En el segundo texto seleccionado, “Fígaro a los Redactores de “El Mundo” en el mismo o donde paren” (23 de diciembre de 1836), Larra – cansado de jugar al escondite con la censura – decide enfrentarla sin cortapisas. La ironía deviene en sátira:

“Yo doy la cara primero, porque no tengo otra cosa que dar, y creo que hago un don a la patria, pues tal cual es, tampoco tengo otra, ni peor ni mejor, guardada para un apuro. Yo declino mi nombre como Agamenón. Yo soy Fígaro. Todo el mundo sabe quién es Fígaro, y si por si acaso alguien lo ignora, añadiré que Fígaro y Mariano José de Larra son tan uña y carne como el diputado de Argüelles y la Constitución del año 12, y que no se puede herir a uno sin lastimar al otro. Juntos vivimos, juntos escribimos y juntos nos reímos de ustedes, de los demás y de nosotros mismos”. (17)

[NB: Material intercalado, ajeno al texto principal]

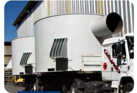
Evaporador tipo robert 2.000 m 2
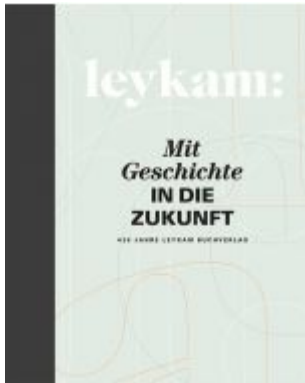
Leykam – Mit Geschichte in die Zukunft Ladenpreis: 24,90 EUR

Para facilitarte al censor su tarea represiva, ofrece su dirección al final del artículo:

“Item más, declaramos en toda forma vivir en la calle de Santa Clara, casa número 3, en la cual pensamos seguir viviendo hasta que se hunda; donde se nos puede prender por la mañana, desde las nueve en adelante; y, en fin, adonde nos retiramos tarde por la noche y solos los dos, Fígaro y dicho Larra, bras dessus, bras dessous, ordinariamente por la calle Mayor”. (18)

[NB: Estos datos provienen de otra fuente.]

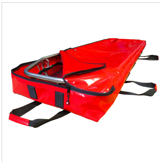
Trage- und Aufbewahrungstasche 387 für FERNO Korbtragen
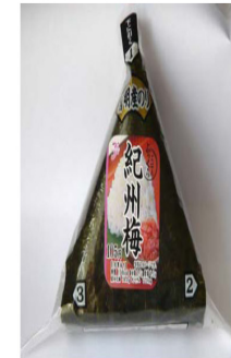
Rice Ball ( Onigiri ) Wrapped with easy-tear film
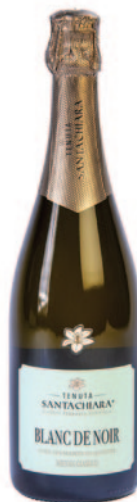
BLANC DE NOIR
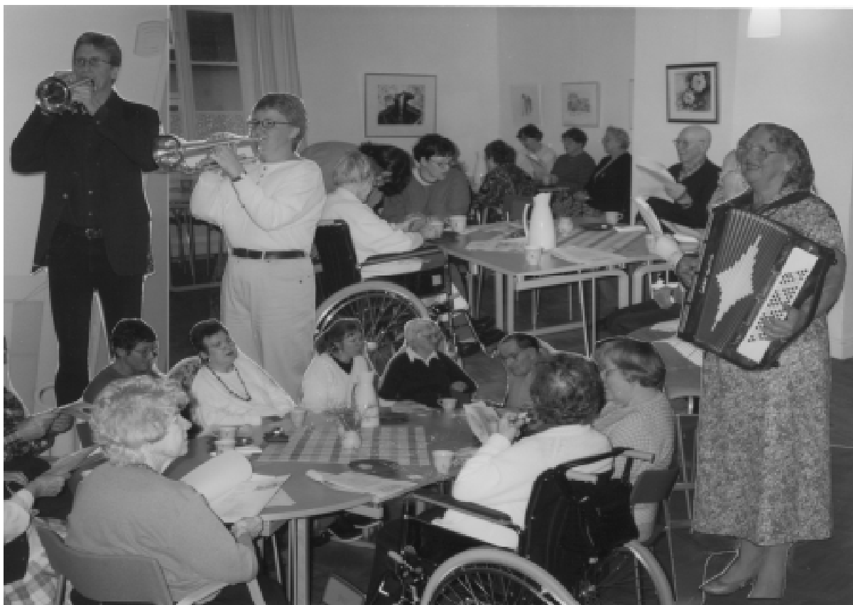
På måndagar är det musikcafé i Herrljunga

  Estas palabras, cercanas ya al famoso pistoletazo que le cegó la vida, son propias de un periodista deprimido que confiesa en “La nochebuena de 1836: Yo y mi criado, delirio filosófico”: “Yo nada busco, y el desengaño no me espera a la vuelta de la esperanza”. (19)

El desengaño cierra su círculo y amenaza con dejar fuera al periodismo, la pasión que parecía sostenerlo aun en sus crisis sentimentales. Al acompañarlo, como lectores, una vez más en su taller de trabajo, sentimos que el fin se aproxima con olor a muerte:

“Resuelto a no moverme (…) incliné la frente cargada, como el cielo, de

nubes frías; apoyé los codos en mi mesa, y paré tal, que cualquiera me hubiera reconocido por escritor público en tiempo de libertad de imprenta (…) vagaba mi vista sobre la multitud de artículos y folletos que yacen empezados y no acabados ha más de seis meses sobre mi mesa, y de que sólo existen los títulos, como esos nichos preparados en los cementerios que no aguardan más que el cadáver; comparación exacta, porque en cada artículo entierro una esperanza, una ilusión”. (20)

En tal momento de obscuridad, vislumbró quizás que la revolución en España era (y seguiría siendo) “como un carro pesado tirado por mariposas”, luminoso símil de Pío Baroja, escrito casi un siglo después. (21)

No es difícil concluir, pues, que a Larra no lo mató el tornadizo amor de una mujer coqueta. Aquel percance fatal fue la clásica gota que desborda la copa. Su causa habría que rastrearla en el agotamiento de una esperanza que había devenido en pasión: el cultivo del periodismo como bujía de conciencia ciudadana.